● WORK TASK: Provide an exact copy of the data, excluding the images.

● DATA TO PROCESS:
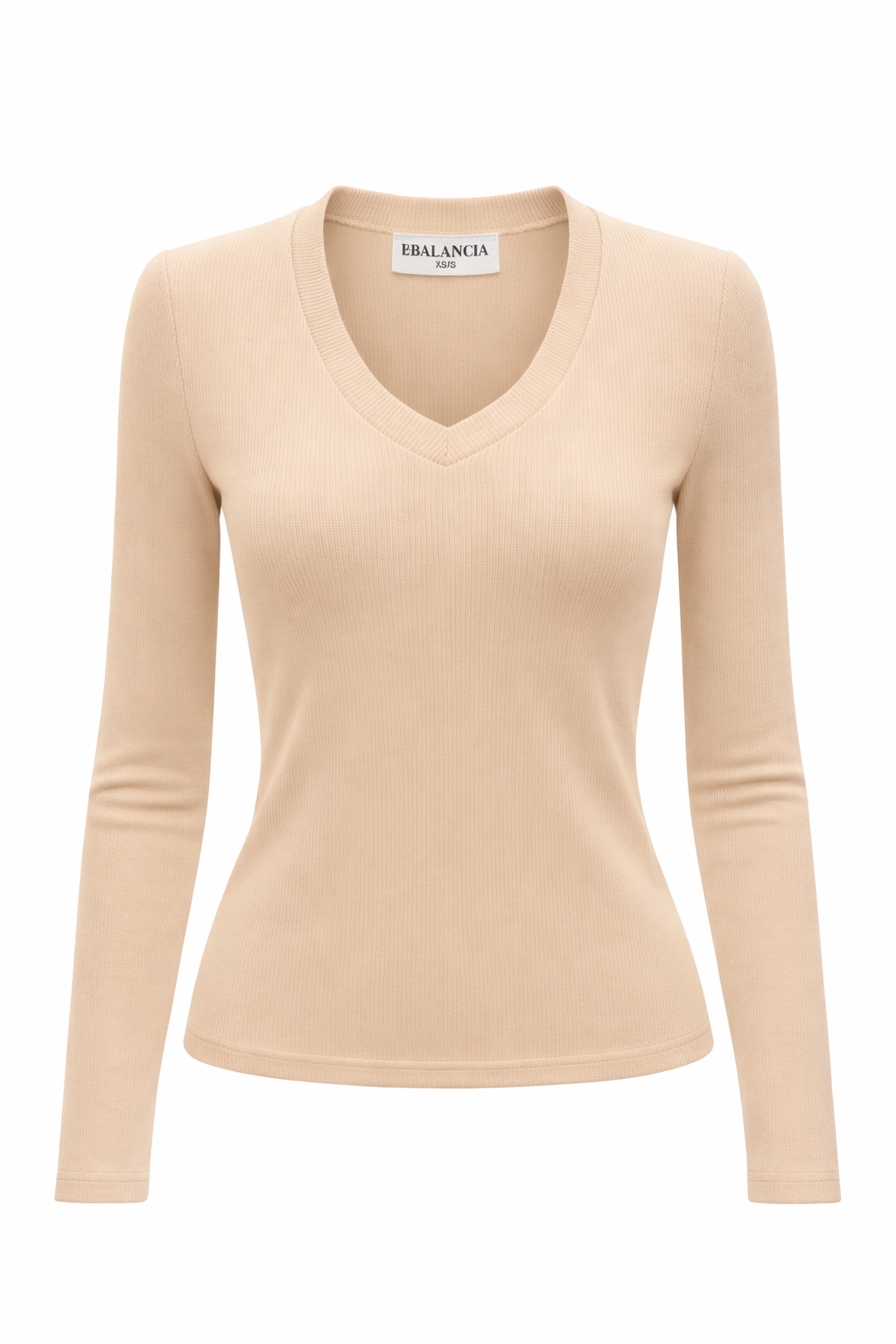 Sand Beige – Klasyka gładkiej bawełny i kobiecy dekolt V-neck
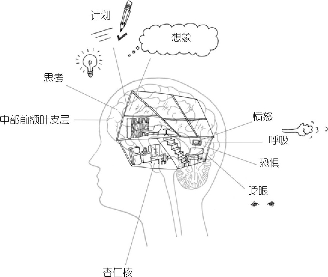 上层大脑则完全不同。它由大脑皮层及其各个部分构成,尤其是额头后面那部分,包括所谓的中部前额叶皮层。与本能的下层大脑不同的是,上层大脑进化程度更高,可以给你一个更加全面的视角看待世界。你可以把它想象成一个明亮的位于二楼的书房或图书室,四面和天花板装满了窗户和天窗,视野更加清晰。在此发生的是更加复杂的心理过程,比如思考、想象和规划。
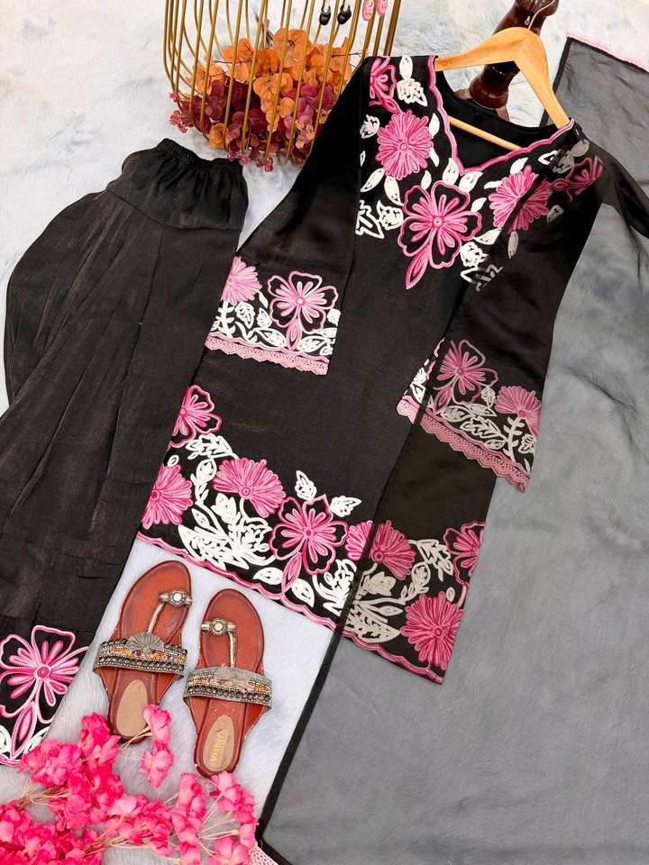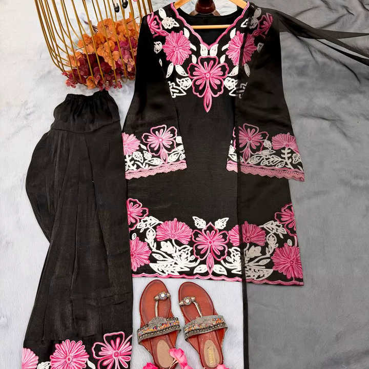 Lanzamiento del nuevo conjunto de fiesta de diseñador con top de satén Pur Glass y pantalones Farshi Palazzo con dupatta.
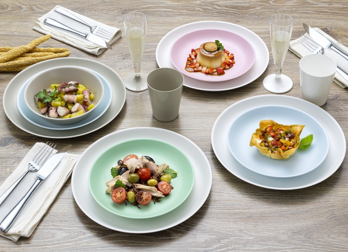 Sebbene con un posizionamento di prezzo decisamente più competitivo, anche la linea di piatti MINERAL si presenta sul mercato con caratteristiche inedite e innovative dato che utilizza un polimero contenente materie prime di origine minerale, che conferiscono al prodotto una maggiore rigidità e uno speciale additivo antigraffio che ne prolunga la durata. Il tutto mantenendo la massima riciclabilità e, naturalmente, la massima sicurezza al contatto alimentare.
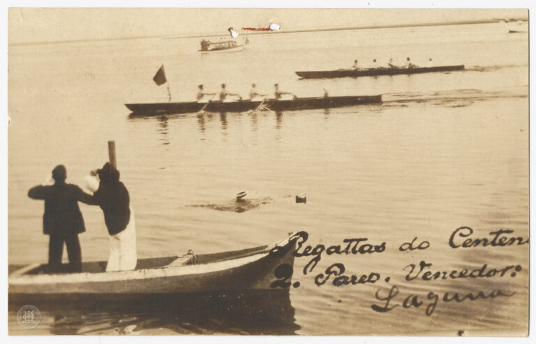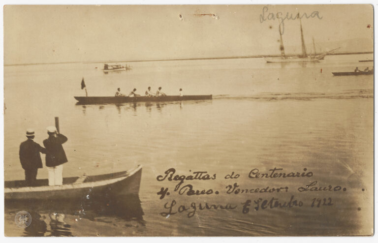 Realização do 4.º Páreo das Regattas do Centenário, ocorrido em 6 de setembro de 1922, na cidade de Laguna
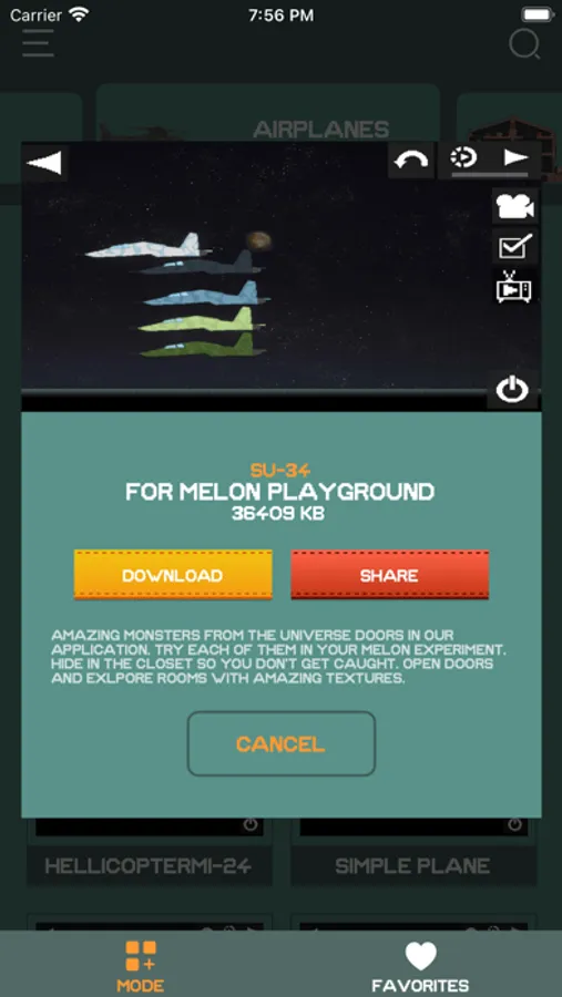 The included mods are, but not limited to: Cars, Airplanes, Doors, Building, Furnitures, People and many more.
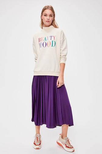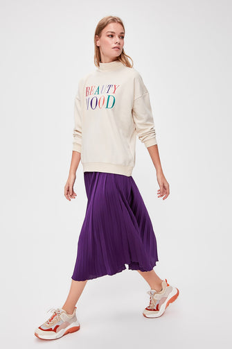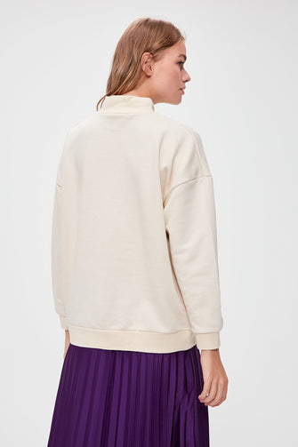 Beige Embroidered Knitted Sweatshirt

● TASK RESULT:
 Sand Beige – Klasyka gładkiej bawełny i kobiecy dekolt V-neck
 上层大脑则完全不同。它由大脑皮层及其各个部分构成,尤其是额头后面那部分,包括所谓的中部前额叶皮层。与本能的下层大脑不同的是,上层大脑进化程度更高,可以给你一个更加全面的视角看待世界。你可以把它想象成一个明亮的位于二楼的书房或图书室,四面和天花板装满了窗户和天窗,视野更加清晰。在此发生的是更加复杂的心理过程,比如思考、想象和规划。
 Lanzamiento del nuevo conjunto de fiesta de diseñador con top de satén Pur Glass y pantalones Farshi Palazzo con dupatta.
 Sebbene con un posizionamento di prezzo decisamente più competitivo, anche la linea di piatti MINERAL si presenta sul mercato con caratteristiche inedite e innovative dato che utilizza un polimero contenente materie prime di origine minerale, che conferiscono al prodotto una maggiore rigidità e uno speciale additivo antigraffio che ne prolunga la durata. Il tutto mantenendo la massima riciclabilità e, naturalmente, la massima sicurezza al contatto alimentare.
 Realização do 4.º Páreo das Regattas do Centenário, ocorrido em 6 de setembro de 1922, na cidade de Laguna
 The included mods are, but not limited to: Cars, Airplanes, Doors, Building, Furnitures, People and many more.
 Beige Embroidered Knitted Sweatshirt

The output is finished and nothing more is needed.